> [DATA RECORDS]
◇ ◇ ◇ ◇

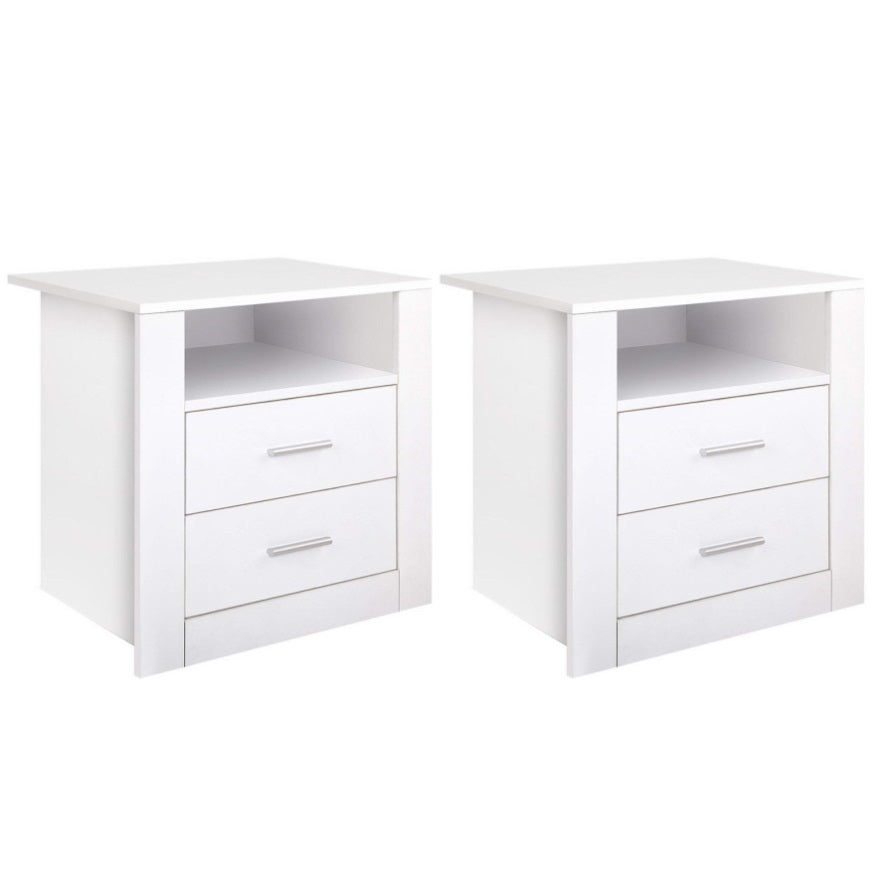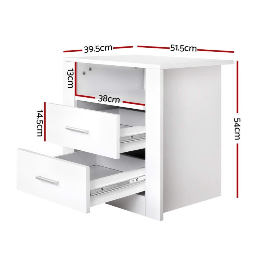 Artiss 2 X Bedside Table 2 Drawers with Shelf - TARA White FURNI-SIDE-SHELF-WHX2
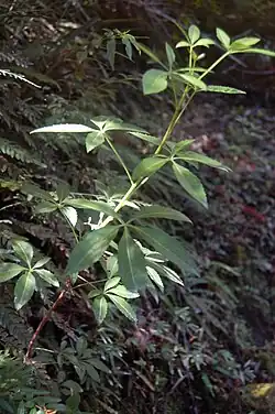 It is an evergreen tree or shrub with ash-coloured bark, measuring up to 6 m (20 ft) in height. The leaves are composite, alternate, the petioles are 2–8 cm long, thickened at the base, the leaves are digitate, with uneven leaflets, light green glossy in color, leathery, oblong-lanceolate, attenuate at both ends, toothed edges 3-8 long and 1-1,6 wide, the flowers are hermaphrodite, pedicellate, clustered in 2-5 in inflorescences with many racemes, the flowers are formed by a floral tube 1.5 mm long, the calyx is split in 5 tepals and 5 thick whitish-green ovate-lanceolate sepals, with a mucro 2 mm at the acute apex, 5 stamens with whitish anthers, loculate inferous ovary 3-5, 4-5 styles, the fruit is a brown spherical drupe 5-5.5 mm in diameter, crowned by two styles.
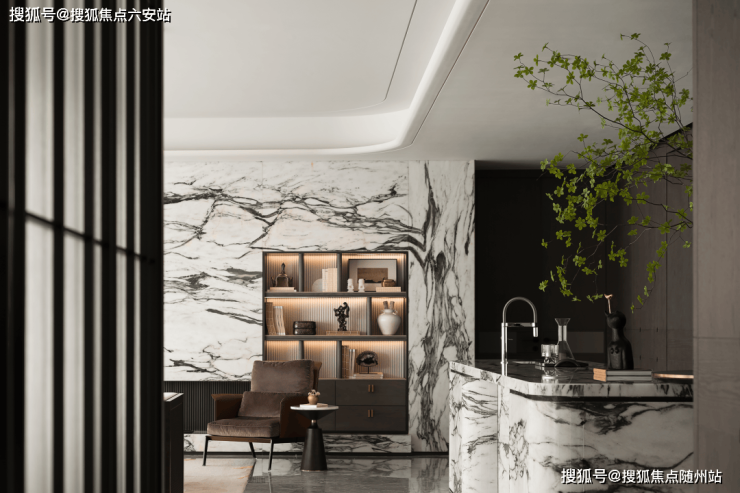 以350㎡户型为例,玄关背景采用“森林绿”。以一整面森林绿大理石背景墙做视觉隔断,搭配两侧艺术造型的皮革硬包,观感上既没有大面木质隔断的厚重,又不失新中式应有的华丽。
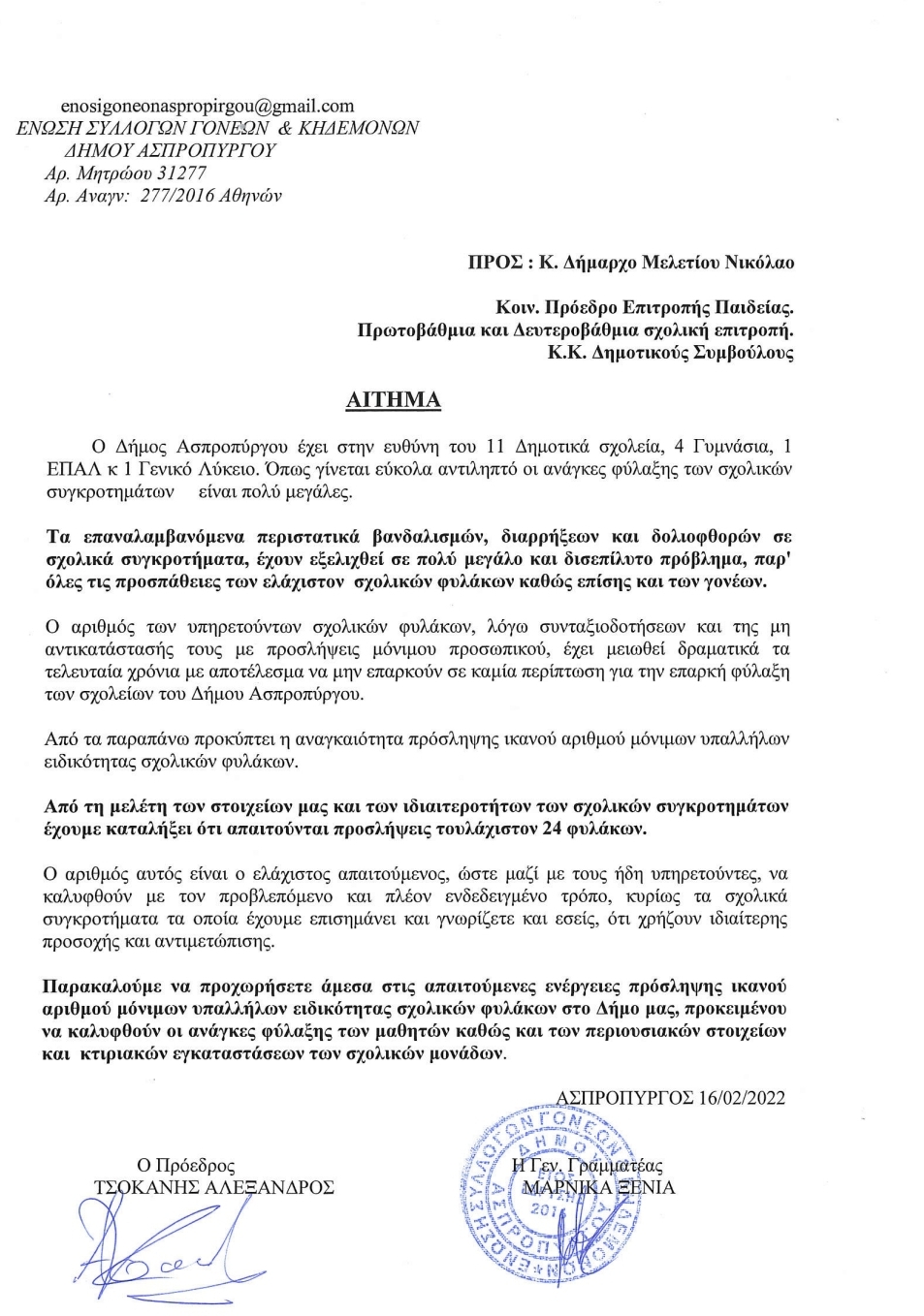 Η Ένωση Γονέων και Κηδεμόνων Δήμου Ασπροπύργου κατέθεσε αίτημα για άμεση πρόσληψη σχολικών φυλάκων.
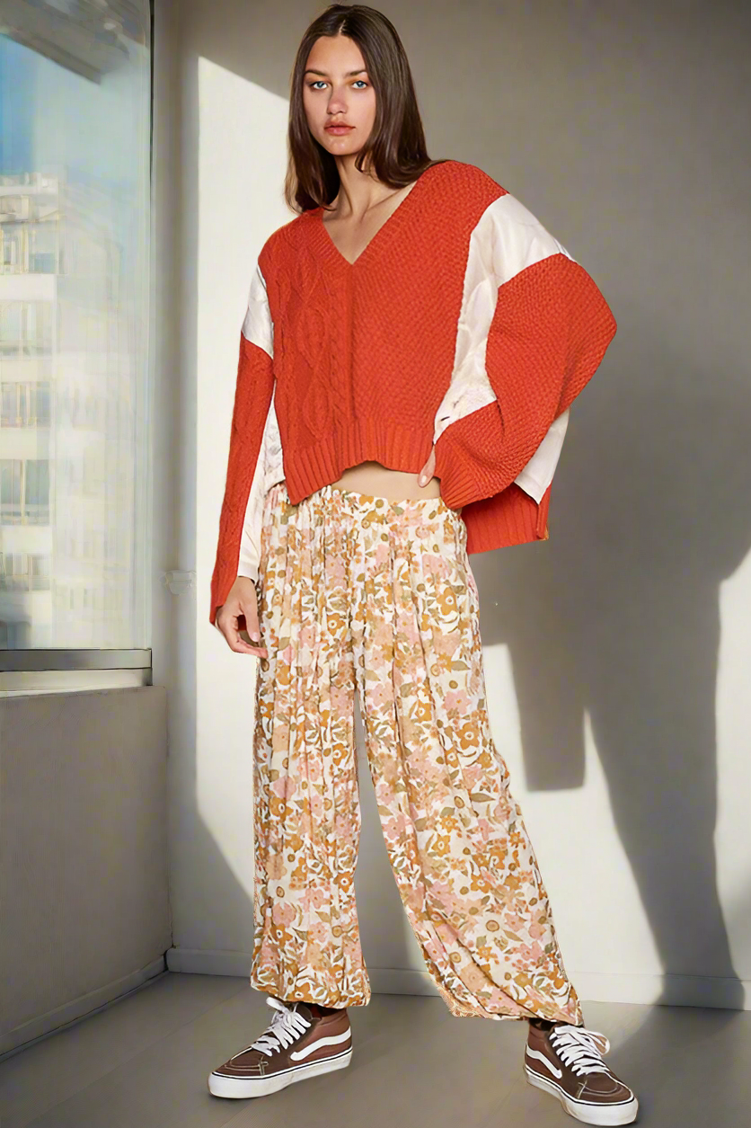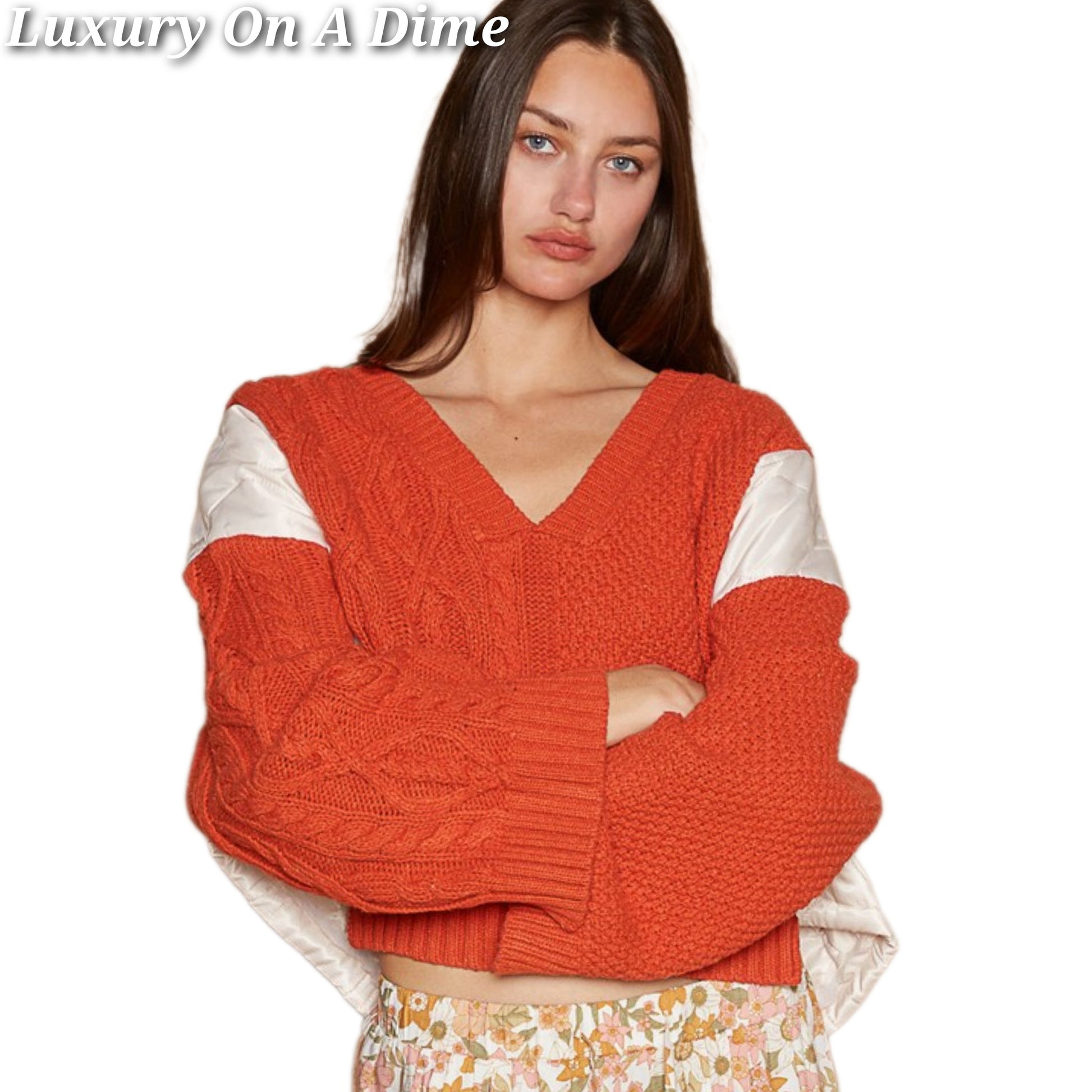 POL Quilted Waffle Cable Knit Patchwork High-low Top Long Sleeve Crop Sweater
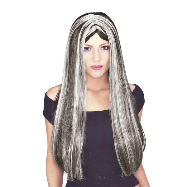Parrucca liscia lunga nera con ciocca bianca adulto
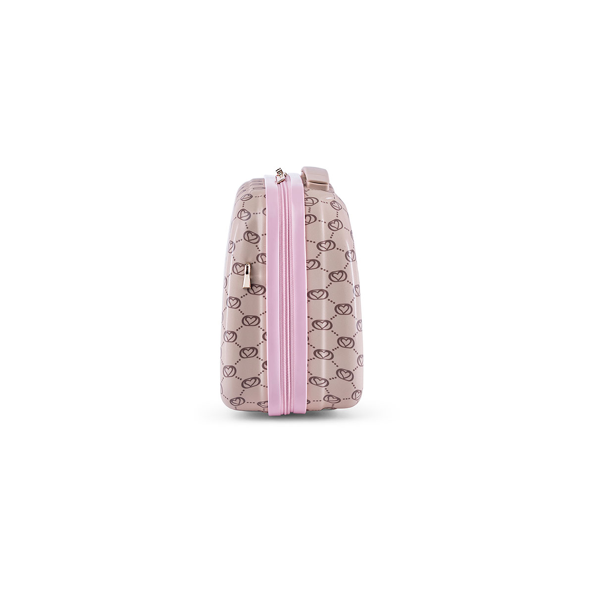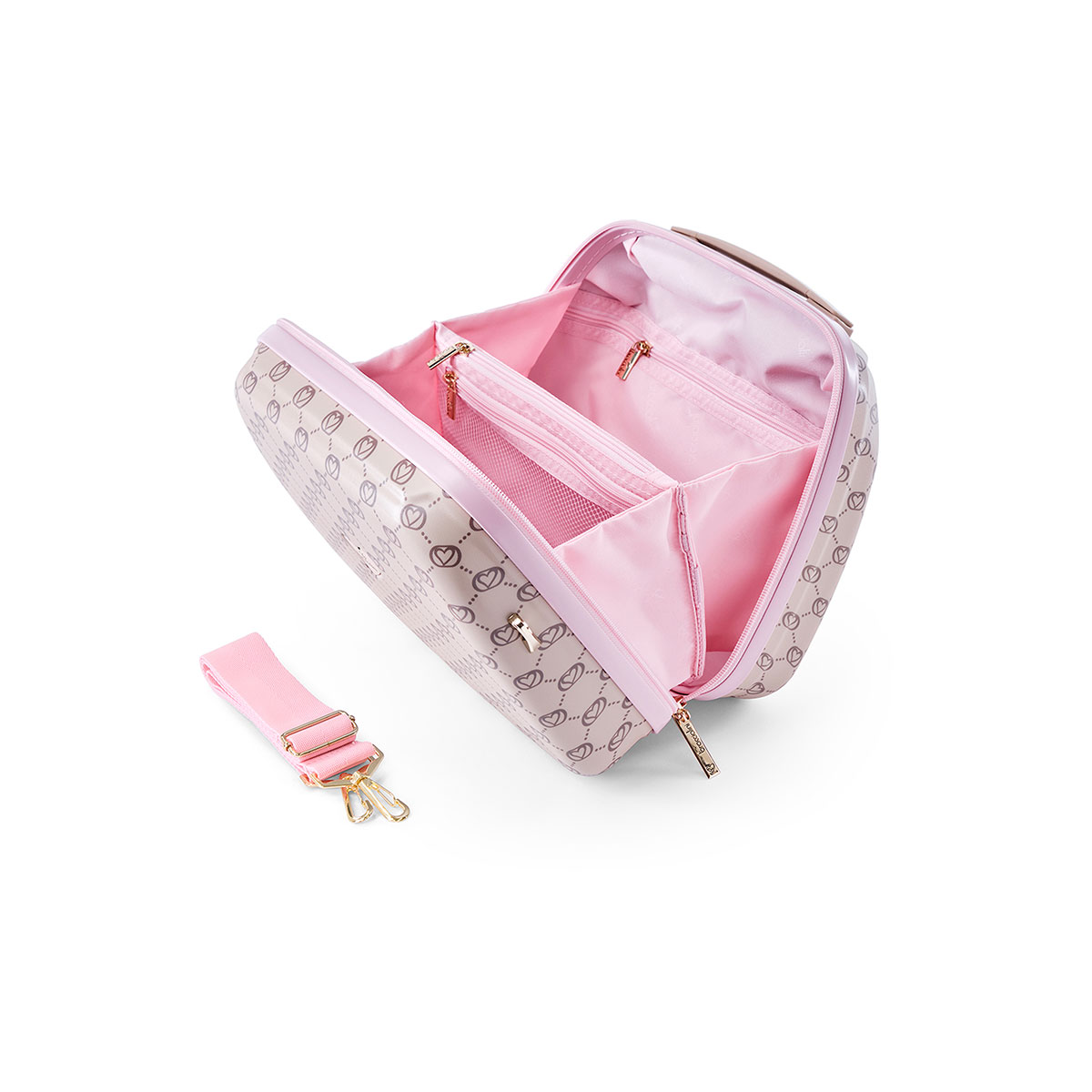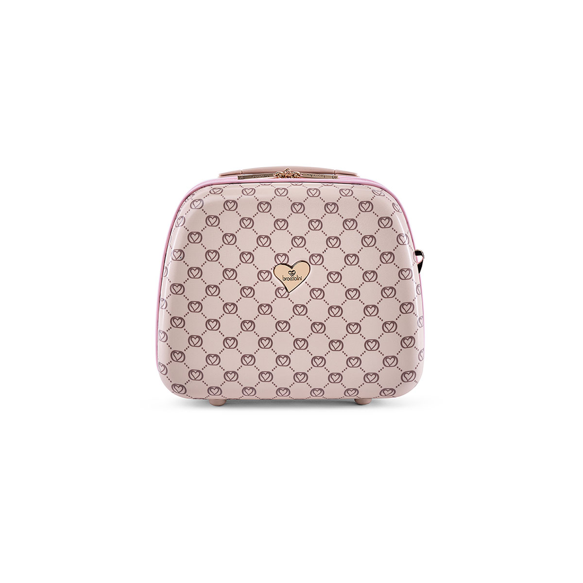 Kompakt, raffiniert und unglaublich praktisch — der Braccialini Monogram Beauty Case vereint zarte Rosatöne und goldene Details zu einem sophistizierten, femininen Look. Das Braccialini-Herzchen, das unverwechselbare Symbol der Marke, wird zum Protagonisten eines eleganten Allover-Druckmusters, das die gesamte Oberfläche ziert und die ikonische Identität der Kollektion unterstreicht. Aus robustem Hartmaterial gefertigt, verfügt er über einen Doppelreißverschluss für Sicherheit und Komfort. Das übersichtliche Innenfach ermöglicht ein ordentliches Verstauen von Kosmetik und Accessoires — perfekt für jede Reise. Komplett mit einem rosa Gummi-Kofferanhänger und einem Schutzbeutel, ideal als Ergänzung zu den koordinierten Trolleys.
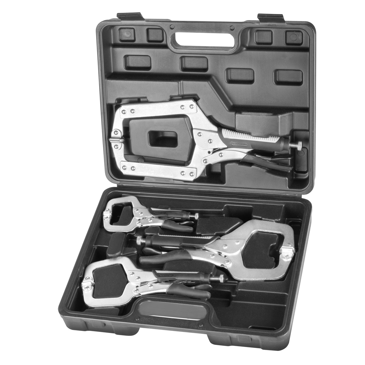 Ovaj set od 4 kliješta za zaključavanje idealan je za širok raspon zadataka u radionici, garaži ili na gradilištu. Uključuje četiri kliješta za zaključavanje u obliku slova C s različitim širinama čeljusti od 6 do 14 inča za sve vrste stezanja i pričvršćivanja. Ova kliješta za zaključavanje posebno su korisna za zavarivanje i rezanje. Sva četiri kliješta imaju vijak za podešavanje za precizno podešavanje potrebnog pritiska stezanja ili podešavanje otvora čeljusti. Ručica za otpuštanje omogućuje trenutno otpuštanje i jednostavno zatvaranje kliješta, što ih čini jednostavnim za korištenje. Dvobojne, ergonomske TPR ručke pružaju siguran, neklizajući hvat i smanjuju umor ruku. Set dolazi u robusnoj torbici za nošenje, što omogućuje organiziran transport i sigurno skladištenje.
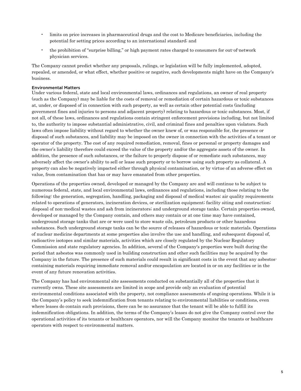 any increases in payments to be offset by decreases, present the industry and its individual participants with uncertainty and financial risk. The Company cannot predict the degree to which any such changes may affect the economic performance of the Company's tenants or, indirectly, the Company. Legislative Developments Taxation of Dividends The Tax Cuts and Jobs Act of 2017 (“TCJA”) generally allows a deduction for individuals equal to 20% of certain income from pass-through entities, including ordinary dividends distributed by a REIT (excluding capital gain dividends and qualified dividend income). In addition, the deduction for ordinary REIT dividends is not subject to the wage and tax basis limitations applicable to the deduction for other qualifying pass-through income. The TCJA was a far-reaching and complex revision to the existing U.S. federal income tax laws. Many of the provisions of this act, such as the 20% deduction mentioned above, will expire at the end of 2025, unless extended by legislative action. Healthcare Each year, legislative proposals for health policy are introduced in Congress and state legislatures, and regulatory changes are proposed and enacted by government agencies. These proposals, individually or in the aggregate, could significantly change the delivery of healthcare services, either nationally or at the state level, if implemented. Examples of significant legislation or regulatory action recently proposed, enacted, or in the process of implementation include: • the expansion of Medicaid benefits and health insurance exchanges established by the Affordable Care Act, whereby individuals and small businesses purchase health insurance with assistance from federal subsidies; • various state legislature proposals for state-funded single-payer health insurance and a limit on allowable rates of reimbursement to healthcare providers; • the implementation of quality control, cost containment, and value-based payment system reforms for Medicaid and Medicare, such as expansion of pay-for-performance criteria, bundled provider payments, accountable care organizations, comparative effectiveness research, and lower payments for hospital readmissions; • ongoing evaluation of and transition toward value-based reimbursement models for Medicare payments to physicians as designated under MACRA; • annual regulatory updates to Medicare policy for healthcare providers that can broadly change reimbursement methodology under budget-neutral guidelines, with the effect of lowering payments for some services and increasing payments for others, having a varying impact, positively or negatively, on providers; • ongoing efforts to equalize Medicare payment rates across different facility-type settings, according to Section 603 of the Bipartisan Budget Act of 2015, which lowered Medicare payment rates, effective January 1, 2017, for services provided in off-campus, provider-based outpatient departments to the same level of rates for physician office settings; • the continued adoption by providers of federal standards for the Medicare Promoting Interoperability Program; • reforms to the physician self-referral laws, commonly referred to as the Stark Law, as adjusted in 2020 in order to promote the transition toward value-based, coordinated care among providers, although clear intent to boost referrals could still yield provider penalties; • consideration of broad reforms to Medicare and Medicaid, including a significant expansion of Medicare coverage to the greater U.S. population; • more stringent regulatory criteria by which federal antitrust agencies evaluate the potential for anti- competitive practices as a result of mergers and acquisitions of health systems and physicians; • regulations requiring the publication of hospital prices for certain services, as well as hospitals’ negotiated rates with insurers for these services; • limits on price increases in pharmaceutical drugs and the cost to Medicare beneficiaries, including the potential for setting prices according to an international standard; and • the prohibition of “surprise billing,” or high payment rates charged to consumers for out-of-network physician services. The Company cannot predict whether any proposals, rulings, or legislation will be fully implemented, adopted, repealed, or amended, or what effect, whether positive or negative, such developments might have on the Company's business. Environmental Matters Under various federal, state and local environmental laws, ordinances and regulations, an owner of real property (such as the Company) may be liable for the costs of removal or remediation of certain hazardous or toxic substances at, under, or disposed of in connection with such property, as well as certain other potential costs (including government fines and injuries to persons and adjacent property) relating to hazardous or toxic substances. Most, if not all, of these laws, ordinances and regulations contain stringent enforcement provisions including, but not limited to, the authority to impose substantial administrative, civil, and criminal fines and penalties upon violators. Such laws often impose liability without regard to whether the owner knew of, or was responsible for, the presence or disposal of such substances, and liability may be imposed on the owner in connection with the activities of a tenant or operator of the property. The cost of any required remediation, removal, fines or personal or property damages and the owner’s liability therefore could exceed the value of the property and/or the aggregate assets of the owner. In addition, the presence of such substances, or the failure to properly dispose of or remediate such substances, may adversely affect the owner’s ability to sell or lease such property or to borrow using such property as collateral. A property can also be negatively impacted either through physical contamination, or by virtue of an adverse 
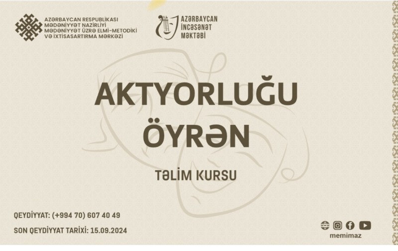 Mədəniyyət Nazirliyinin Mədəniyyət üzrə Elmi – Metodiki və İxtisasartırma Mərkəzi və Azərbaycan İncəsənət Məktəbi “Aktyorluğu öyrən” layihəsinə start verir.
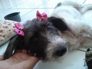 Belinha é uma menina muito esperta e sapequinha e mesmo tão pequenina já sofreu com a maldade humana. Foi abandonada na porta da protetora Edmaura Fonseca, em Jacaraípe, na Serra, juntamente com outra cadelinha.
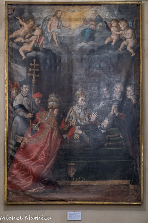 Lerma. Lerma. Huile sur toile, d'un auteur inconnu, représentant la mort de San Alessio, ex voto de 1618. On y voit au chevet du moribond, le Pape Innocent I (401-417) et l'empereur Onorio, fils de Théodose le Grand (395-423) pour en admirer la vie et en honorer la mort.

◇ ◇ ◇ ◇

> [HOW TO COMPLETE THIS TASK] In the records above, everything from the line with "POL Quilted Waffle" down to the line with "Ovaj set od" must be duplicated exactly, both lines kept. Leave no pictures in.

> [OUTPUT]
 POL Quilted Waffle Cable Knit Patchwork High-low Top Long Sleeve Crop Sweater
Parrucca liscia lunga nera con ciocca bianca adulto
 Kompakt, raffiniert und unglaublich praktisch — der Braccialini Monogram Beauty Case vereint zarte Rosatöne und goldene Details zu einem sophistizierten, femininen Look. Das Braccialini-Herzchen, das unverwechselbare Symbol der Marke, wird zum Protagonisten eines eleganten Allover-Druckmusters, das die gesamte Oberfläche ziert und die ikonische Identität der Kollektion unterstreicht. Aus robustem Hartmaterial gefertigt, verfügt er über einen Doppelreißverschluss für Sicherheit und Komfort. Das übersichtliche Innenfach ermöglicht ein ordentliches Verstauen von Kosmetik und Accessoires — perfekt für jede Reise. Komplett mit einem rosa Gummi-Kofferanhänger und einem Schutzbeutel, ideal als Ergänzung zu den koordinierten Trolleys.
 Ovaj set od 4 kliješta za zaključavanje idealan je za širok raspon zadataka u radionici, garaži ili na gradilištu. Uključuje četiri kliješta za zaključavanje u obliku slova C s različitim širinama čeljusti od 6 do 14 inča za sve vrste stezanja i pričvršćivanja. Ova kliješta za zaključavanje posebno su korisna za zavarivanje i rezanje. Sva četiri kliješta imaju vijak za podešavanje za precizno podešavanje potrebnog pritiska stezanja ili podešavanje otvora čeljusti. Ručica za otpuštanje omogućuje trenutno otpuštanje i jednostavno zatvaranje kliješta, što ih čini jednostavnim za korištenje. Dvobojne, ergonomske TPR ručke pružaju siguran, neklizajući hvat i smanjuju umor ruku. Set dolazi u robusnoj torbici za nošenje, što omogućuje organiziran transport i sigurno skladištenje.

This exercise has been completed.